Answering the Beloved

I am knocking at the door,
not knowing what will answer.

I am answering the door,
not knowing what will present itself...
ask for entrance...
ask for what I have to give...
tea...or a bit of bread...
companionship...a moment...
everything.

Everything.

What was ever mine, Beloved?
All of it has always belonged to you.
You are shelter.
You are bread.
You are the birdsong singing to me now...
and incense burning a holy welcome.


Approachable

“As your future approaches you, worry less how it may receive you and say a prayer instead for your becoming approachable.” ~ Toko-pa Turner

I have a confession to make. I’m fickle.

I fall in love with someone new all the time. While I was reading Eat Pray Love, years ago, I fell head over heals for Elizabeth Gilbert. And reading Amanda Palmer’s The Art of Asking, I adored her. The same thing happened while I turned the pages of Blessed are the Weird by Jacob Nordby and then Radical Honesty by Brad Blanton.
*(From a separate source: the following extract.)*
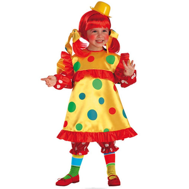 63713 Bollicina ClownGirl Polka Dot ClownCostumeIncluded in the price of the costume:Satin Printed DressPrinted Pants.Sizes available:Ages 2 - 3yearsAges 3 yearsAges 4 - 5 yearsPacked in a polybag.Actual colour mayvary slightly from the colour of your scre

I was smitten.


Jacob Nordby told me a story called “The Temple of Dreams” about a wise woman who lived high in the mountains where people would make their pilgrimage to see her. Nordby said he was not interested in any definition of Soul “other than the raw heartthrob of longing that has pulsed beneath the soundtrack of our lives since we were born.”

Brad Blanton pointed out to me that love between humans is always showing up in a single surprising moment, not in our stories of past or future. And he told me the story of “The Blue Unicorn” searching for its song.

Tell me a good story and I’ll follow you anywhere.

Lately, in her book Belonging, Toko-pa Turner has been telling me about becoming “approachable”. She reminds me to be soft as my future makes it’s way toward me…to be attentive and open. She shows me another way rather than demanding to know my purpose frantically. She presents the idea of yielding, instead…of being welcoming. How could I not fall in love with that? So often in our society we are taught to push our way through…to insist. What if it’s so much easier than that?

What if we really are enough, each one of us, just as we are? What if it’s actually true? What if we can be so much gentler with ourselves and with the world? What if by letting go into being gentle we find ourselves to be resilient, and supported, and discover the gift we have to offer?